Accordingly, Fitch expects EM banks in different regions to face different challenges in 2011. The main task for lenders in growth markets will be to maintain satisfactory underwriting standards, in particular where interest rates remain low and risks of asset bubbles exist. However, banks in most of emerging Europe will need to stabilise and improve asset quality, strengthen domestic funding franchises and protect top line performance.

Although most emerging market banks have a Stable Outlook, some ratings could be upgraded over time as sovereign credit profiles and operating environments in individual countries gradually converge towards more developed markets. However, downgrades are also possible in both growth markets (if asset quality risks increase markedly) and markets more negatively affected by the crisis (if loan losses exceed current expectations and performance weakens further).

Fitch forecasts that nine of the 31 emerging markets covered in the report will record real credit growth of around 15% or more in 2010. The risks of credit expansion are particularly significant in China, where leverage is already high and loan growth was rapid in 2009 as well as 2010. However, risks in other growth markets are mitigated by low (in Argentina, Peru, Indonesia and Colombia) or moderate (in Brazil, Turkey, India and Qatar) leverage and generally healthy margins. In both these markets and China, risks are also reduced by favourable economic growth prospects and limited reliance on external funding.
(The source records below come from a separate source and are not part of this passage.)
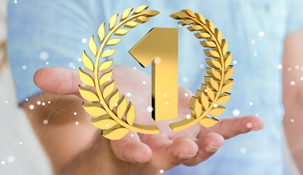Businessman winning the first golden price 3D rendering
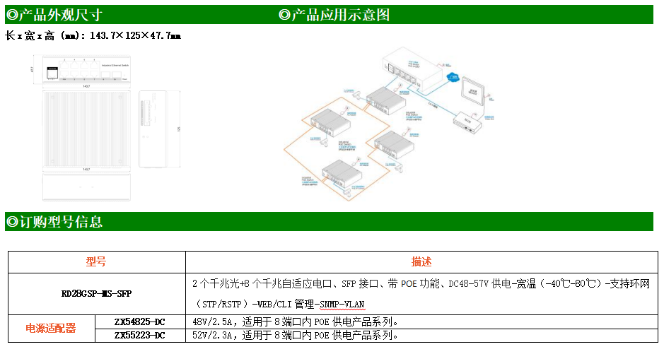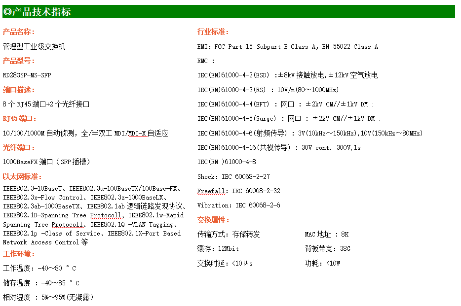 RD28GSP-MS是網(wǎng)管型工業(yè)以太網(wǎng)POE交換機(jī),產(chǎn)品符合FCC、CE、RoHS標(biāo)準(zhǔn)。支持2個(gè)千兆光口和8個(gè)千兆電口;支持工業(yè)現(xiàn)場(chǎng)所需的以太網(wǎng)二層協(xié)議,保證通信網(wǎng)絡(luò)的穩(wěn)定性;該系列交換機(jī)采用低功耗、無風(fēng)扇設(shè)計(jì),確保無噪聲干擾,同時(shí)支持-40~80℃工作溫度和良好的EMC電磁兼容性能,保證在惡劣的工業(yè)環(huán)境中保持穩(wěn)定的工作,為工廠自動(dòng)化,智能交通,視頻監(jiān)控等工業(yè)應(yīng)用領(lǐng)域組建快速穩(wěn)定的網(wǎng)絡(luò)終端接入網(wǎng)絡(luò)提供安全可靠的解決方案。
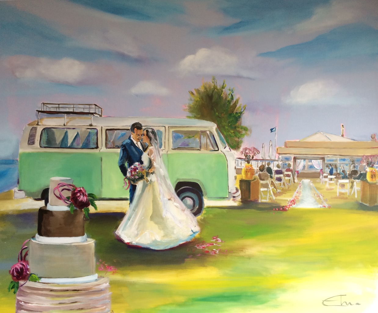 Live Paint Trouwbeleving Bruinisse Paviljoen Meerzicht Bruidspaar Volkswagen Busje Prieel Bruidstaart Acryl Schilderij Demonstratie Trouwbeurs
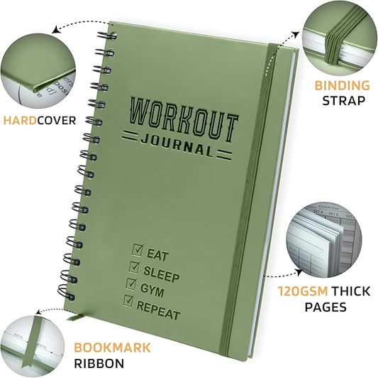 Nextnoid Hardcover Fitness Journal Workout Planner for Men & Women - A5(5.7" x 8.3") Sturdy Workout Log Book to Track Gym & Home Workouts - Green
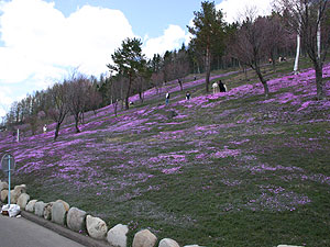 山一面に芝桜が植えられていて満開になれば非常にきれいですが,今年は寒さのせいかまだ3分咲き程度なのでもう一つでした。  去年も同じ時期に来たのですが満開できれいでした。  去年は芝桜公園上空をヘリコプターで遊覧飛行しました。乗る人が少なくヘリコプターの係りの人が暇そうにしていたので,冗談に,「妻は背が低いので,子供料金なら乗ってもイイですよ」と言うと”OK”してくれ遊覧飛行しました。  上から観る芝桜もまたきれいでしたヨ。 |
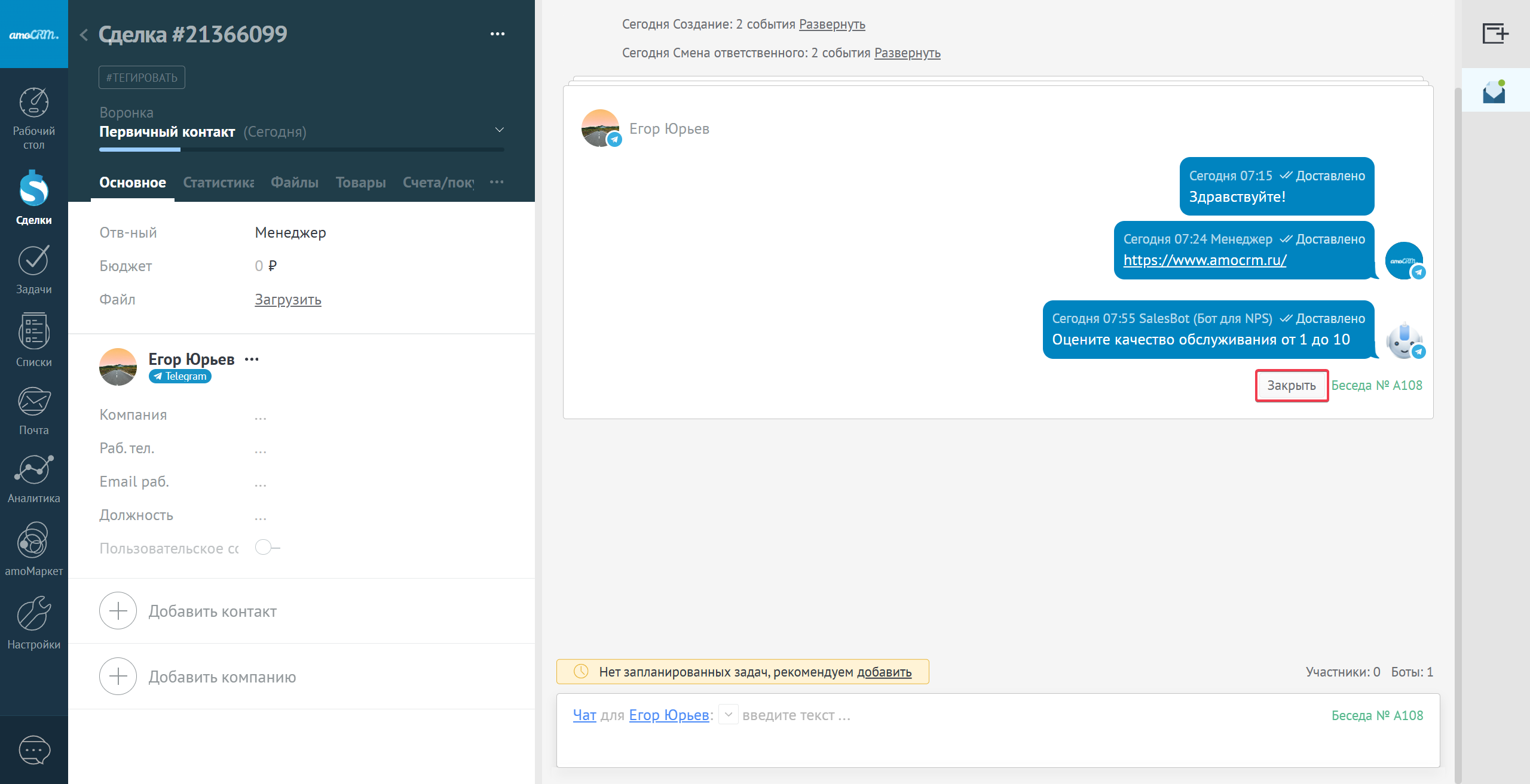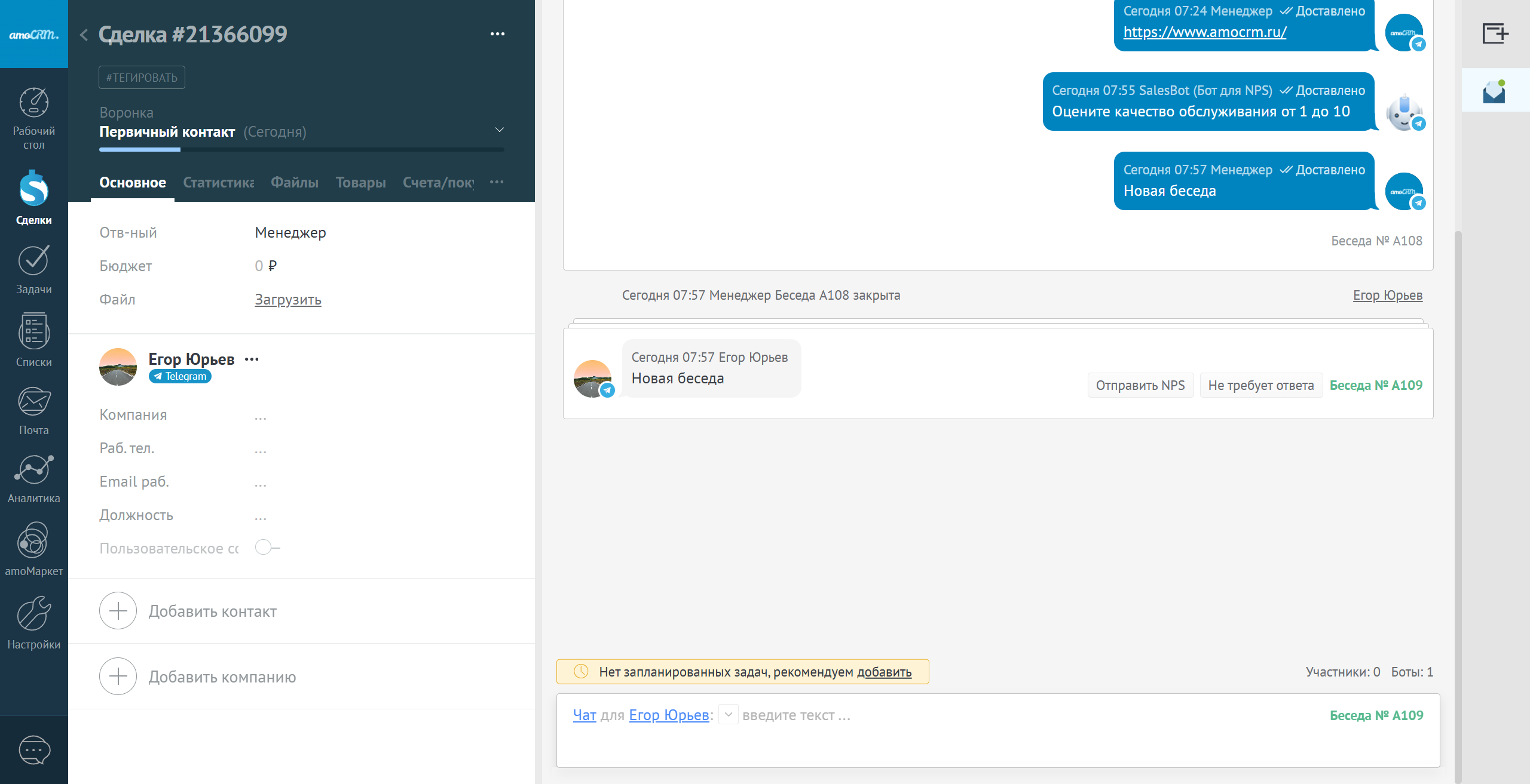 Важно, что создание беседы исходящим сообщением системно не создаст сделки, данное правило распространяется только на беседы, созданные входящим сообщением.

In the CEE/CIS, asset quality remains very weak in Kazakhstan, Ukraine, Latvia and Lithuania, and a significant concern in Hungary, Romania, Bulgaria, Russia and Estonia. Pre-impairment results in some of these markets have also come under pressure as weak asset performance and deleveraging have reduced revenues. Loans/GDP and loans/deposits ratios, as well as foreign currency lending, remain high in certain markets. Recapitalisation of the Ukrainian sector has continued in 2010, and the Kazakh system's solvency has been supported by debt restructuring at three large banks.